Landscape Futures Lab student Makaya Tome added, “As we lean more on interdisciplinarity to drive the future of humanity, incubators such as the Landscape Futures Lab that encourage collaboration across disciplines, are becoming increasingly important. Our Provost work dives into the development of bio-based, carefully designed strata to encourage kelp growth and reintroduce the climate-based benefits of kelp forests. As an Environmental Science and Health student, I have been learning a tremendous amount from my peers about design, narrative composition, fabrication, and modeling. The exchange of knowledge and understanding from different disciplines is what propels our ideas forward."

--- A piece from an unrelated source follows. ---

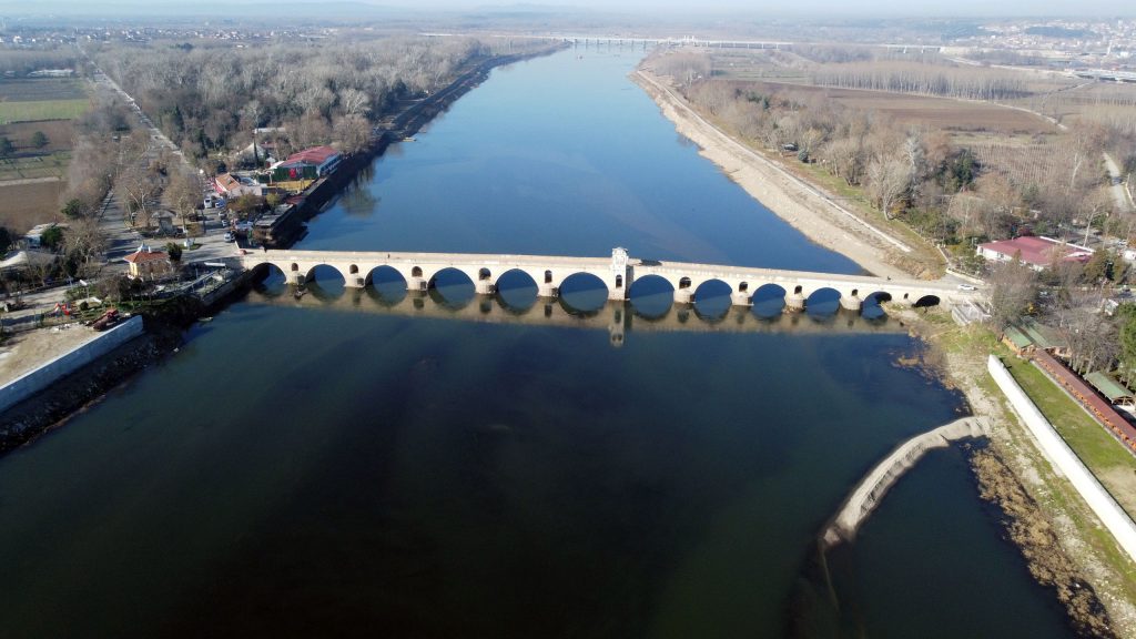 EDIRNE’DE, OSMANLI PADISAHI 2’NCI MAHMUT DONEMINDE YAPILAN, KENTIN TUNCA KOPRUSU ILE BIRLIKTE ‘GERDANLIGI’ OLARAK ANILAN MERIC KOPRUSU’NUN, BUGUNE KADAR BILINMEYEN MIMARINA TARIHI KAYNAKLARDAN ILK KEZ ULASILDI. (FOTO: UMUT ISIK / EDIRNE, DHA)

Recent work in the Lab includes:
- exploring landscape prostheses – or the design of experimental strata particularly for optimizing kelp growth – in collaboration with USC Dornsife Biological Sciences
- inventing novel uses and applications of kelp/algae-based materials and the development of biomaterials in general, in collaboration with the Architecture & Fine Arts Library
- researching carbon farming potentials with kelp-based fertilizers, in collaboration with the USC Research & Extension program in the blue economy and AltaSea
- researching the potentials of microscopy in understanding landscape symbiosis at various scales, in collaboration with Keck Medicine/Children’s Hospital
- experimenting with expanding media to bring awareness to (1) the disappearing world of our threatened co-species, in collaboration with the Audobon, the arts organization Clockshop, and USC Libraries; and (2) to create narrative experiences through which communities can tell their own story, in collaboration with arts organization LA Commons, the Willowbrook Inclusion Network, and LACMA
“By extending themes and subject matter from the lab to the classroom, the students benefit from the same affiliate faculty associated with the Landscape Futures Lab, who regularly visit the classroom as consultants, engaging and exposing students to cutting-edge work at both the biological and ecological scales. My students come from all disciplines within the USC School of Architecture including from both graduate and undergraduate Architecture, Landscape Architecture, Building Science, and Heritage Conservation programs, as well as from the Geodesign program at the Spatial Sciences Institute, the Environmental studies program, and the Media Arts + Practice program from the USC School of Cinematic Arts,” noted Gabrielian.